Auteur : Sebastian PociechaLigne de crédit : Unsplash

Auteur : Sebastian Pociecha

Ligne de crédit : Unsplash


Pour commencer ce petit focus historique sur le mercenariat, il convient de préciser l’approche adoptée dans cet article. Oui, le mercenaire peut également être utilisé pour protéger les intérêts d’un État ou d’un particulier. Oui, la notion de mercenaire est fortement dépendante du contexte temporel et géographique dans lesquels elle est utilisée. Toutefois, le mercenaire est aussi engagé pour mener un combat, pour nuire aux personnes désignées par son employeur, et donc pour tuer.

 

 

Mieux vaut une armée fidèle !

 

L’Italie du Quattrocento, outre des joyeux massacres entre familles et grandes cités et des papes désireux de remplir leurs caisses et leurs lits, c’est un âge d’or pour le mercenariat. Ce n’est pas nouveau, l’Empire romain avait institué l’utilisation de mercenaires pour suppléer des légions débordées aux frontières. Mais la situation politique de la Botte est telle que les complots incessants représentent de multiples possibilités d’embauche qui provoqueraient une attaque chez un agent de Pôle Emploi.

 

Ainsi, c’est des milliers de condottieres qui parcourent le pays pour proposer leurs services tantôt à un duc désireux de faire disparaitre un petit cousin ambitieux, tantôt à un particulier soucieux qu’un malencontreux accident arrive à sa femme adultère.
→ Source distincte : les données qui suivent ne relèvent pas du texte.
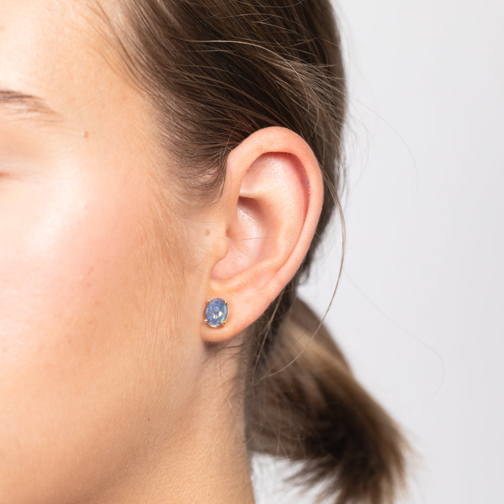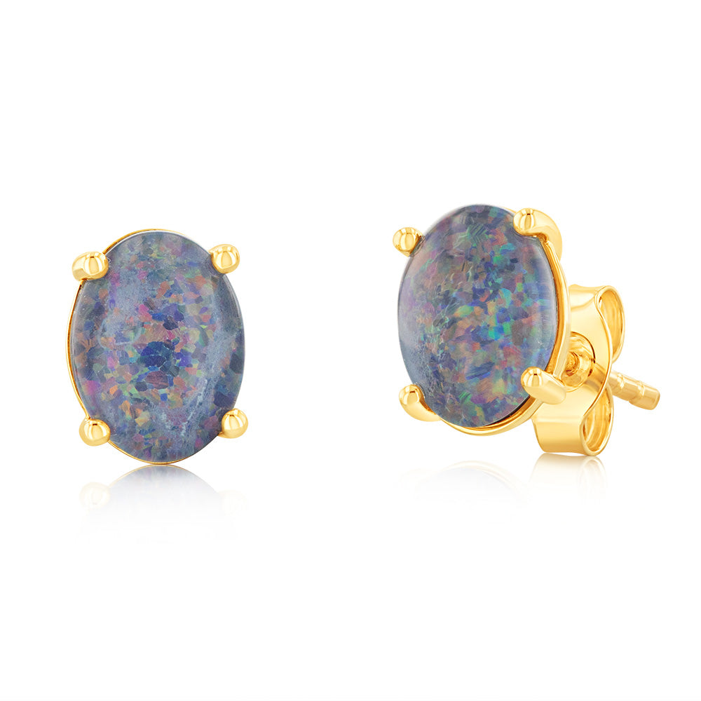 9ct Yellow Gold Triplet Opal Stud Earrings

Ces tueurs, forgés par des années militaires ou issus de familles nobles désargentées, constituent des éléments non négligeables dans cette Italie en pleine ébullition. Les princes italiens sont en effet plus désunis que jamais, malgré l’attrait de leurs terres fertiles pour les royaumes de France et d’Espagne, et son incapable de créer de puissantes armées « nationales ».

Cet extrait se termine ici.